Tariff backlash, immigration cuts hurt Wisconsin economy

With friends like Donald Trump, the Wisconsin economy needs no enemies.

The retaliation by foreign governments to his sledge-hammer tactics in raising tariffs on incoming products, so far mainly on steel and aluminum imports, is already having a boomerang blowback on Wisconsin manufacturers. Examples:

• It is raising the costs or raw materials and therefore prices of Regal Ware’s cookware and appliances, making it harder to compete with its exports – 65% of its revenue. Regal Ware employs 200. Will its employment drop if its sales drop?

• Ditto for other steel and aluminum users like Briggs & Stratton, Ariens and Mercury Marine. Wisconsin is the second most manufacturing intensive state, so this state, which helped Trump win the presidency with its ten electoral votes, will be disproportionately affected by his growing trade war.

• New counter-tariffs by Mexico on U.S. food products will slam the state’s dairy industry.
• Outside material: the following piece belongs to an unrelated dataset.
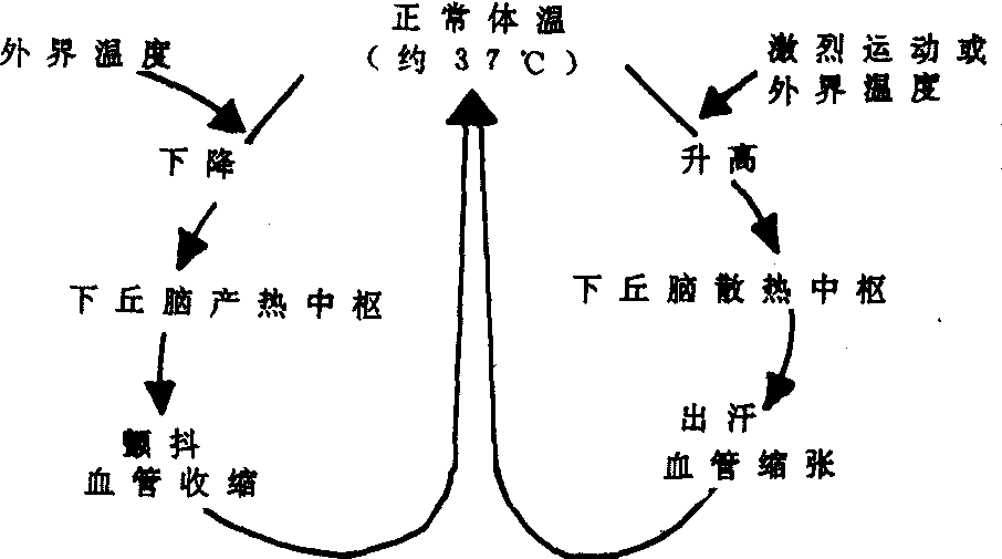 图493 体温调节示意图 体温调节tiwen tiaojie通过神经、体液的调节作用而保持恒定体温的过程。人体为了维持相对稳定的新陈代谢,需要有一个恒定的温度条件。体内的物质代谢,必须在37℃左右的温度下才能正常进行。若体温低于正常,代谢速率就会减慢。若体温过高,酶的功能就会紊乱,中枢神经系统的功能也会失去正常。因此,必需维持恒定的体温。体温调节中枢位于下丘脑。在低温环境中,人体感受冷的刺激,在体温调节中枢的调节下,骨骼肌的紧张性增强甚至发生寒战以增加产热量。此外,下丘脑通过神经体液途径促进某些内分泌腺的活动,以促进细胞的代谢而增加产热量。当环境温度升高,通过体温调节中枢的调节,使皮肤血管舒张,增加皮肤的血流量以增加皮肤的辐射、传导和对流散热,并通过使支配汗腺的交感神经兴奋,促进汗液分泌以增加蒸发散热。 体温调节人和恒温动物保持体温相对稳定的各种行为和生理活动的总称。一些活动产生热,如肌肉运动及进食等;一些活动散发热,如出汗等。身体能调节产热和散热间的平衡,以适应冷热不同的环境,保持体温的相对稳定。 体温调节themoregulation恒温动物通过产热和散热过程的动态平衡维持体温相对稳定的各种机制。调节方式可分为生理性体温调节和行为性体温调节两种。变温动物只能通过行为性的调节机制,如寻求适宜的温度环境或改变姿势等,使体温在一个小范围内随环境温度而变化。恒温动物除行为性调节机制外,还具有生理性体温调节机制,即在中枢神经系统(特别是下丘脑)的控制下,通过骨骼肌、内分泌腺的活动、皮肤血管的收缩及汗腺活动调节机体的产热、散热过程,以维持体温的恒定。如寒冷刺激可反射性的引起皮肤血管收缩(减少散热),骨骼肌紧张性加强,甚至出现寒颤,同时引起肾上腺素、甲状腺素的释放(增加产热),以维持体温的恒定(见“体温调节中枢”)。 |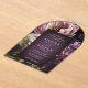 Elegant arch acrylic wedding invitation featuring a dark purple floral theme. The moody color palette is great for a fall wedding.

Mexico buys nearly one-quarter of our dairy output. Sartori Cheese says the blowback will be “pretty devastating.” Canada has also slated tariffs on dairy products.

• Ditto with pork exports for companies like Johnsonville Sausage. Mexican tariffs will go to 20% from 10% on July 5.

• Ditto with soy beans, a big crop here.

• Miller-Coors prices will rise because the costs of aluminum cans will rise. Higher prices generally spell lower unit sales.

• Thousands of suppliers down the supply chain, like Serigraph, which makes graphic parts for the whole goods manufacturers, will also see reduced business.

The puzzle in all this trade turmoil is that trade issues with our North American allies are not that big a deal. By far, the biggest trade deficits are with China and Germany. We are not that far from trade neutral with Canada.

The solution with those two countries is not to restrict their low-priced imports, which help the American consumer. It is to persuade and push those two countries to buy more American goods. China has already made a preliminary $50 billion offer in that direction. Isn’t that the better way to reduce the trade deficit?

In another dimension, the Trump Administration is obsessively attacking immigration in all forms, even legal immigration, to the detriment of Wisconsin. The president wants to cut legal immigration, which has been around the million level of entrants for years, to half of that.

The problem: with a very low unemployment rate, Wisconsin employers can’t find enough workers. There are more job openings that job applicants.

The worker shortage is especially acute for dairy farmers, who rely heavily in immigrant labor. Some dairy farms will have to shut down.

Long term care is another industry that will be crippled without a low-cost labor supply.

Even Wisconsin Manufacturers and Commerce, the state’s biggest business lobby that is usually lock-step with the Republican Party, opposes the Trump Administration on immigration policy.

Long and short, it hard to see how President Trump’s volatile trade and immigration policies help this state.

The president is good at picking fights. Twitter insults against foreign leaders are a dubious bargaining tactic. (I am trying to think of an instance where insults helped cut a deal in business or government.)

He is good at ripping up foreign policy agreements that took years to negotiate with allies. These are allies like Canada and France who have been with us in every war. Their boys died next to ours. Why not respectfully rework these agreements instead of just walking away?

He is outstanding at reducing levels of trust with partners and established

I like the theory that world trade promotes world peace. Countries are less likely to go war if they are trading partners. Or if there is a lot of cross-border investment. Please, China and Russia, buy more U.S. real estate and assets.

On the very bottom line, business likes certainty and predictability so it can invest for the long term. If the president’s men spelled out their trade strategy, that would offer some certainty. As with other major policy arenas, they haven’t promoted an often-missing Plan B.

If their approach is a lot of rhetoric, insults and wild slap shots, world trade will suffer, and Wisconsin employers and employees will suffer more than most. Wisconsin generally has a trade surplus – more exports than imports.